Title: Pattern Theorem on Hexagonal Lattice

Speaker: Mrs Pritha Guha, Department of Statistics and Applied Probability, National University of Singapore

Date: 16 June 2008 (Monday)

Time: 3:00pm - 4:00pm

Venue:

Abstract

Please click here for abstract.



Title: Insights into the Mammal Radiation from Weird Australian Mammals

Speaker: Dr Gavin Huttley, Australian National University, Australia

Date: 21 May 2008 (Wednesday)

Time: 4:00pm - 5:00pm

Venue:

Abstract

The recent publication of the Platypus genome sequence 'completes' the sampling of all major mammal taxonomic divisions, with genome sequence now available for a monotreme, a marsupial and multiple eutherian lineages. The availability of the marsupial and monotreme lineages combined with an additional bird outgroup, provide the essential references from which to infer the molecular events responsible for the emergence of mammals. They also allow examination of the mode and tempo of evolutionary divergence among eutherian lineages. So can we explain the molecular basis of uniquely mammalian traits such as lactation and mammogenesis; X chromosome inactivation; and homeothermy? Can we identify the genes at which molecular changes arose that underpin these characteristic phenotypes? Can we even resolve the relatively straightforward question of the evolutionary relationships among eutherian lineages? I will illustrate how one of the simpler genomic properties that differs between the sampled mammal genomes -- genomic nucleotide composition -- is confounding efforts to estimate relationships, rates of evolution and estimates of adaptive evolution.
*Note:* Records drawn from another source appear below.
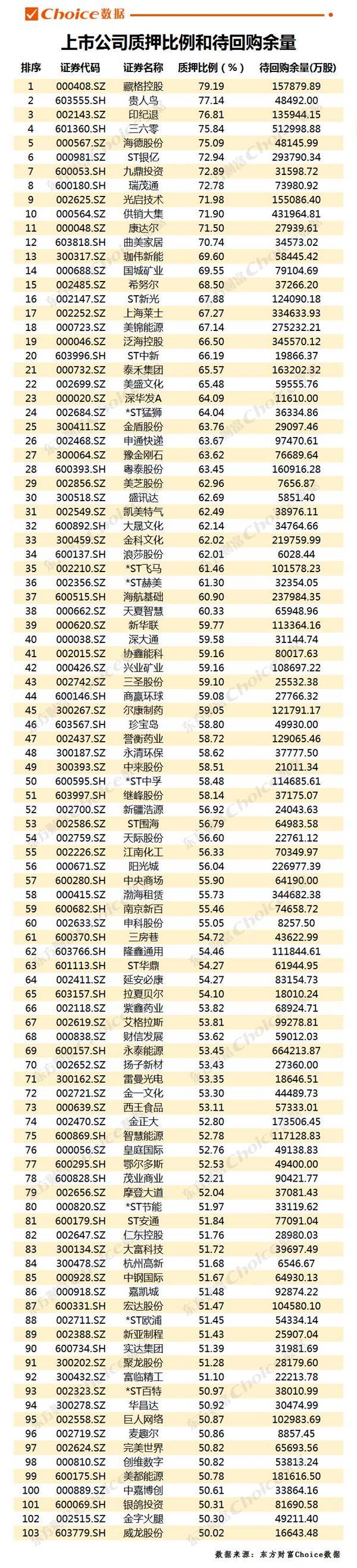其中,103家质押股份占总市值比重逾五成,其中12家质押股份占总市值比重超七成。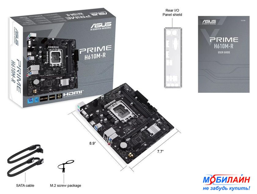 mATX, сокет Intel LGA1700, чипсет Intel H610, память 2xDDR5 до 5600 МГц, слоты: 1xPCIe x16, 1xPCIe x1, 1xM.2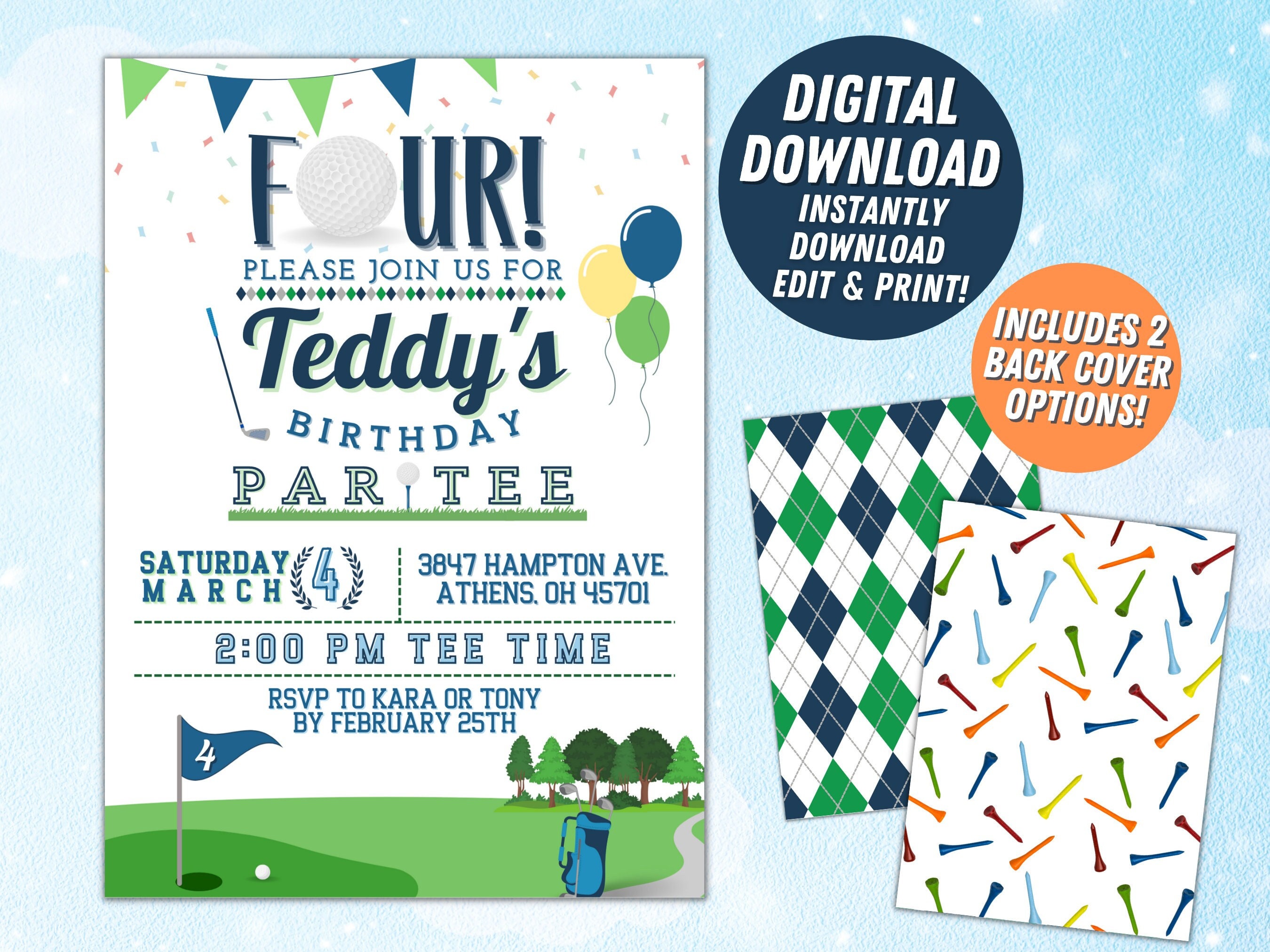 Four Golf Birthday Party Invitation Fore 4th Birthday Customizable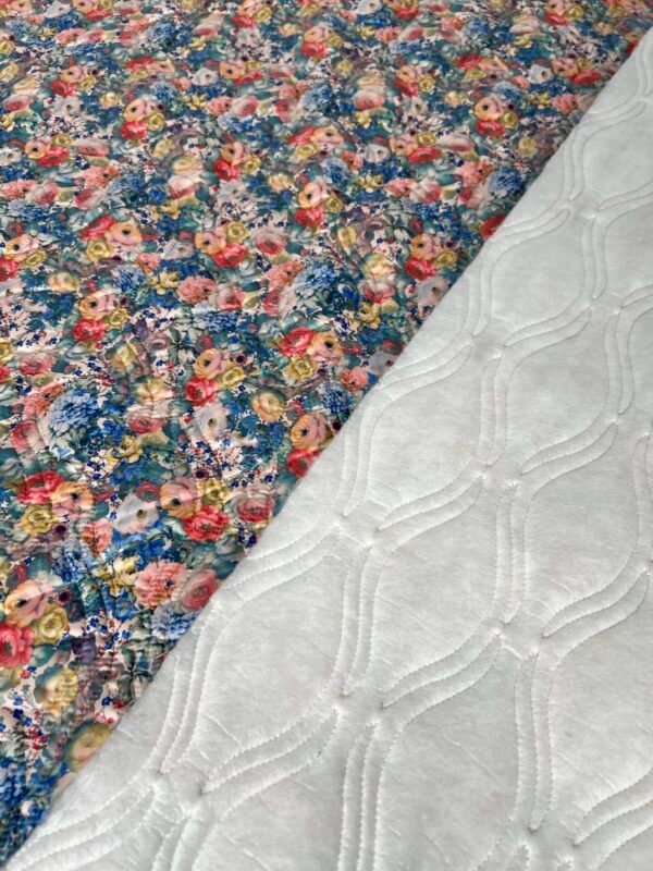 Savybės: striukinis audinys su sintepono pašiltinimu, prasiūtas siūlėmis, gėlių rašto. Paviršius mažai blizgus (beveik matinis). Audinys plonas, tačiau šiltas, tinkamas lengvų pavasario ir rudens striukių bei paltų siuvimui.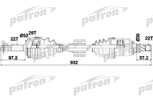 Описание: Автозапчасть фирмы PATRON с кодом PDS0193 Полуось передняя правая 22x932 2x52 ABS: 29T OPEL: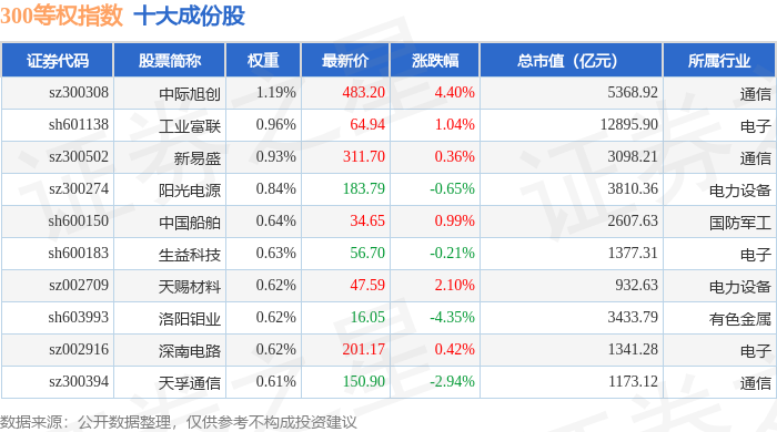证券之星消息,11月17日,300等权(000984)指数报收于4661.75点,跌0.47%,成交4389.4亿元,换手率0.58%。当日该指数成份股中,上涨的有83家,三六零以10.01%的涨幅领涨,下跌的有213家,康龙化成以5.34%的跌幅领跌。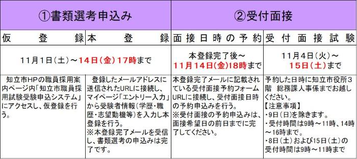 書類選考申込み及び受付面接の詳細については、必ず「知立市職員採用候補者試験要項」をご確認ください。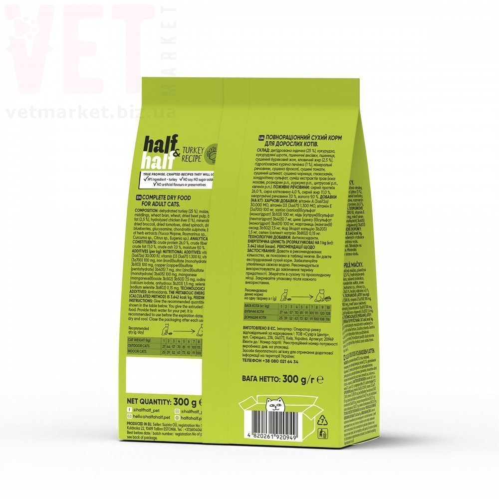 Збагачена фруктами, овочами, хондропротекторами й лікарськими рослинами рецептура Half&Half піклується про оптимальну користь та смак у кожній порції.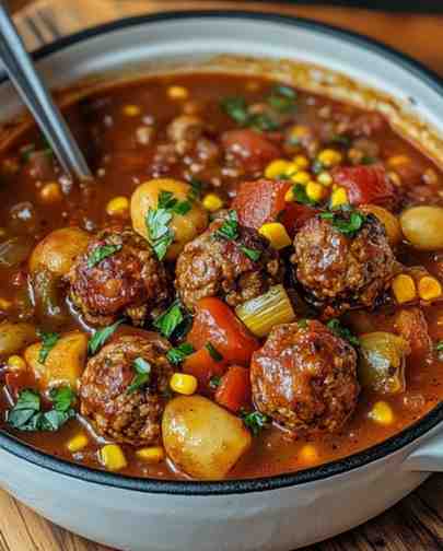 Niets is zo geruststellend als een overheerlijke stoofpot die je hele gezin om de tafel verzamelt. Deze gehaktballetjesstoofpot combineert de rijke smaken van gekruid gehakt, verse groenten en een romige saus tot een onweerstaanbare maaltijd die zowel vullend als voedzaam is.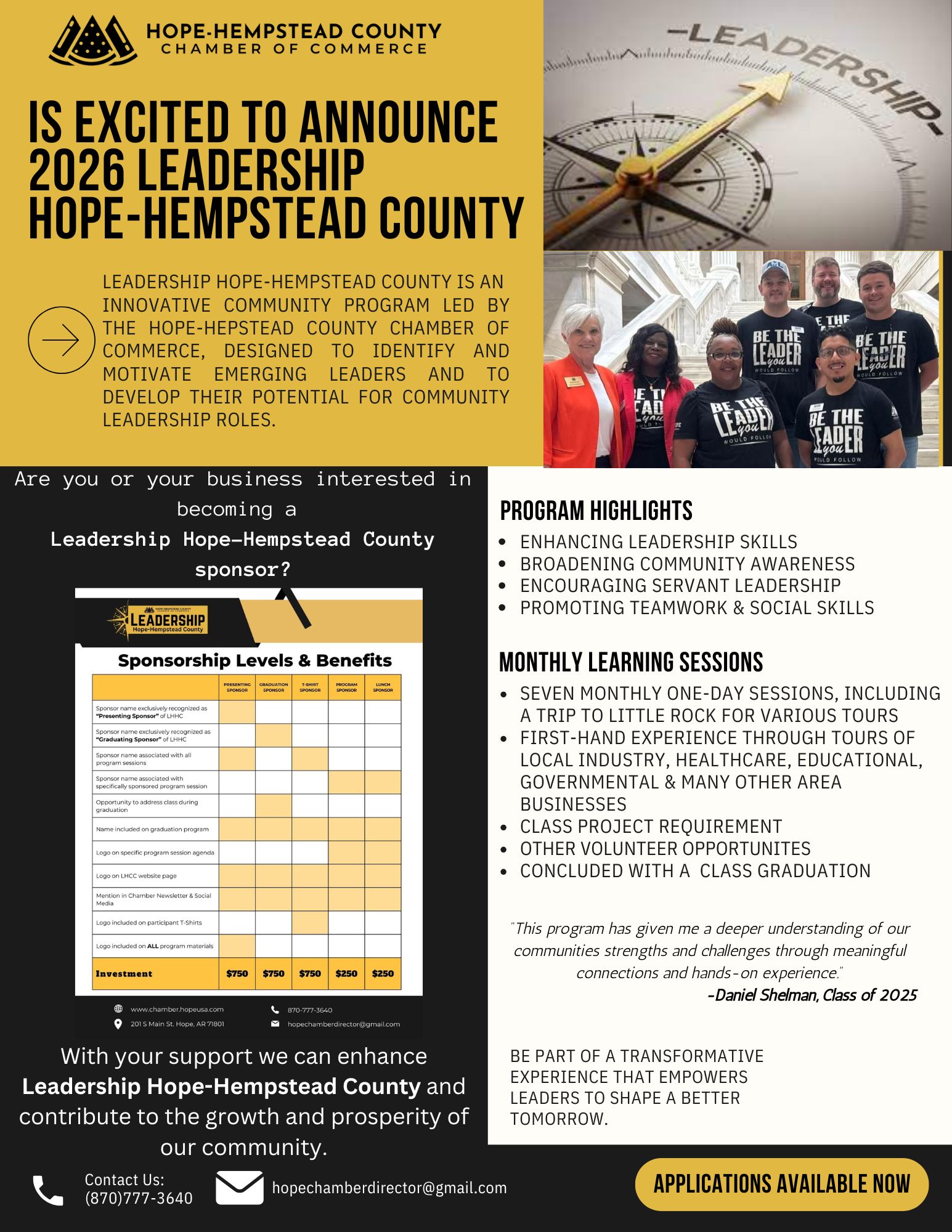 This is your last call for Leadership Hope-Hempstead County 2026 applications! If you’ve been thinking about applying, now is the perfect time. Don’t miss your chance to be part of this incredible leadership experience that connects, equips, and inspires community leaders.

Title: Estimating Population Size from Multiple Lists

Speaker: Dr Mao Changxuan, Department of Statistics, University of California, Riverside

Date: 28 April 2008 (Monday)

Time: 3:00pm - 4:00pm

Venue:

Abstract

The Rasch model is adopted to estimate the unknown population size in multi-list surveillance studies (disease, drug abuse, etc.) It takes both the list effectiveness and case heterogeneity into account. A stepwise approach is proposed in which optimization problems are solved conveniently.

The sharpest lower bound to the odds that a case is unseen is introduced, which can be calculated by linear programming. There are also some less sharp lower bounds. Estimating a lower bound leads to an estimator for the population size. Real examples are investigated.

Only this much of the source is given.